Sitting by the restrooms, I strap on a pair of noise-reduction headphones and begin the psychological test.
Kathryn Friedlander and her colleague Philip Fine are interested in solvers’ cognitive skills and motivational drivers. She has joined a weekly get-together for constructors, solvers, and crossword bloggers that takes place around the UK every Saturday. It started when the constructor John Henderson (Enigmatist, who has been constructing for The Guardian since he was fifteen years old) noticed that whenever he solved in a pub, others were looking over his shoulder, and decided against a festering annoyance and in favor of actively inviting others to join him.
This week, those others include Kathryn, who wants to be around crossworders so that she can gather some data. She has devised a series of exercises for three groups: solvers, expert solvers, and noncrossworders. I am invited to count the number of vowels in various words, then fill in the blanks in some others. I suspect that the first task is designed to hobble me in the second by planting in my head various unhelpful linguistic shapes and sounds. The research is ongoing, but I learn something about myself, and not something flattering: While I appreciate that the point of the exercise is academic enrichment, I find that I urgently want to get a decent “score.”
Afterward, we chat about Kathryn’s curiosity regarding whether very able solvers have higher “fluid intelligence”—the capacity to approach new problems with a fresh mind and apply the appropriate analysis. The tasks have been designed to give her a sense of what’s happening in the brain when it is led to a misleading place, then recovers its bearings and enjoys what the crossword world calls the “penny-drop” moment of clarity. For me, at least, I tell her, there’s an addictive quality to the experience of letting go of the apparent meaning of a clue and seeing the message hidden in code that leads to the real interpretation.

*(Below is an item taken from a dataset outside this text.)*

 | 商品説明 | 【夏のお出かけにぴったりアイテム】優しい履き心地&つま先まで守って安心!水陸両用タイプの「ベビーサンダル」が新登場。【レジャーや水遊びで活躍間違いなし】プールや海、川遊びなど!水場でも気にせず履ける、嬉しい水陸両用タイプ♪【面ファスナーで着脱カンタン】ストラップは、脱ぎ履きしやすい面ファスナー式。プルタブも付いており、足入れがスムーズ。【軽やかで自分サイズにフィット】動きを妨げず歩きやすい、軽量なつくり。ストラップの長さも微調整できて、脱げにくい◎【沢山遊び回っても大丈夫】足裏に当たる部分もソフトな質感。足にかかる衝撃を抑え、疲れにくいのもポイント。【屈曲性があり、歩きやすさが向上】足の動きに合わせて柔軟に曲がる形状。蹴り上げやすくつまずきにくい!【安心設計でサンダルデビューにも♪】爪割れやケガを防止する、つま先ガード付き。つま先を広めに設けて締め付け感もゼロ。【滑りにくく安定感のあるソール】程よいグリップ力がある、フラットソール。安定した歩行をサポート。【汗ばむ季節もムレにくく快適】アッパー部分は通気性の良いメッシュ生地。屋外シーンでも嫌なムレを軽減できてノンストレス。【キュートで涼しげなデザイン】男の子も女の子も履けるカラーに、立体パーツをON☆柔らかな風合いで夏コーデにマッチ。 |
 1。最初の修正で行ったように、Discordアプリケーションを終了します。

We discuss a paper with the title “Eye-Witnesses Should Not Do Cryptic Crosswords Prior to Identity Parades” from the journal Perception, which concludes that solving a cryptic has a detrimental effect on subsequent face recognition, and that the same does not go for quick crosswords, reading, or sudoku. It’s a convincing piece of research that presents its results cleanly and without undue speculation as to the reasons behind them. I ask Kathryn whether she has come across any similarly decent investigations into whether crosswords are good for older people’s minds. There’s not much in the papers, in the sense of peer-reviewed journals, but there’s plenty in the other sort of papers: tips such as 10 WAYS TO DECREASE ALZHEIMER’S RISK: FLEX THAT BRAINPOWER—DO CROSSWORD PUZZLES, or PUZZLES AND EXERCISE HELP BEAT DEMENTIA SYMPTOMS, SAY EXPERTS.

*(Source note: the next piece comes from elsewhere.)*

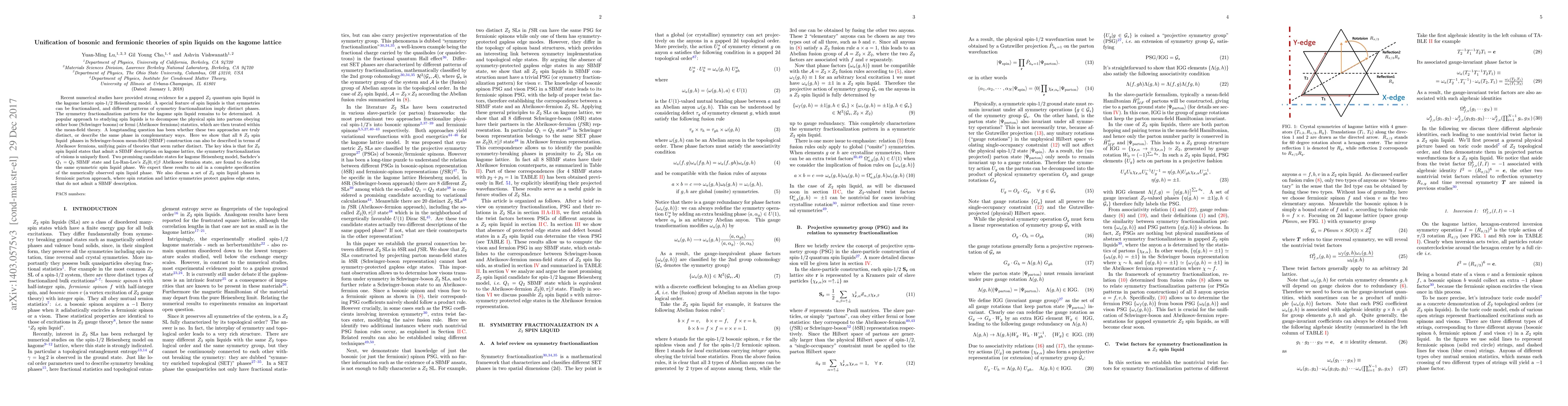 This paper demonstrates the unification of bosonic and fermionic theories for $Z_2$ spin liquids on the kagome lattice, showing that all 8 phases in the Schwinger-boson mean-field construction can be equivalently described using Abrikosov fermions. The study highlights that specific $Z_2$ spin liquid states, such as Sachdev's and Lu-Ran-Lee's states, describe the same phase, thus bridging two seemingly distinct approaches.

Ah, those much-vaunted “experts.” It’s from the newspapers that people I know—relatives and coworkers—have got the idea that crosswords are a prophylactic against Alzheimer’s. Newspapers are of course also the place where crosswords are most readily available, so the association is presumably good for circulation. In the twenty-first century, similar pieces began to appear about the benefits of the fourth estate’s newer geegaw, the sudoku.
There are more such articles every couple of months, and if the combined reports are to be believed, here’s the truth about crosswords: Solving is a handy way of hanging on to your faculties, but this comes at a cost. And the price is paid by your waistline. In 2009 there was a flurry of stories warning that solving puzzles makes you fat, citing research by Dr. Kathleen Martin Ginis of Ontario into whether exercising willpower in one activity leaves less resolve when you approach others.

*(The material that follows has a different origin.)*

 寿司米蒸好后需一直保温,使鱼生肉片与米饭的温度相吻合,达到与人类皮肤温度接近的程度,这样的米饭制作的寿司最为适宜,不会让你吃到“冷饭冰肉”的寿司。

Since solving is often a seated pastime, it’s not difficult to visualize a connection between crosswords and gastric girth—and the same goes for the idea that crosswords are a kind of brain-saving mental workout. You can see vividly how both claims might be true. Alternatively, they might both be false. Or they might be neither, in the sense that nobody has actually tested either.
In the case of the crossword obesity epidemic, it’s the last of those options. Ginis’s research didn’t include any sudokus or crosswords. “Someone told me that the story had been in the UK press,” she told the BBC. “I was quite excited. I googled it, I saw it, and I just cringed. I felt sick.”
Probe too deeply into the evidence for stories that use words like “neurobics” and “brainercise,” and you’ll find yourself similarly baffled and confounded. Here’s the clearest statement I’ve seen about the facts of the matter. It’s from a 1999 paper in the Journal of Experimental Psychology called “Predictors of Crossword Puzzle Proficiency and Moderators of Age-Cognition Relations,” and it is, to say the least, deflating: “The results provide no evidence to suggest that amount of crossword puzzle experience reduces age-related decreases in fluid cognition or enhances age-related increases in crystallized cognition.” In other words, solve if you like, but don’t think it will stop you going gaga.
Kathryn’s experience is similar. Crosswords may or may not have these beneficial effects but the evidence isn’t there to tell us much. Besides, she adds, what aspects of which kind of crossword are we talking about?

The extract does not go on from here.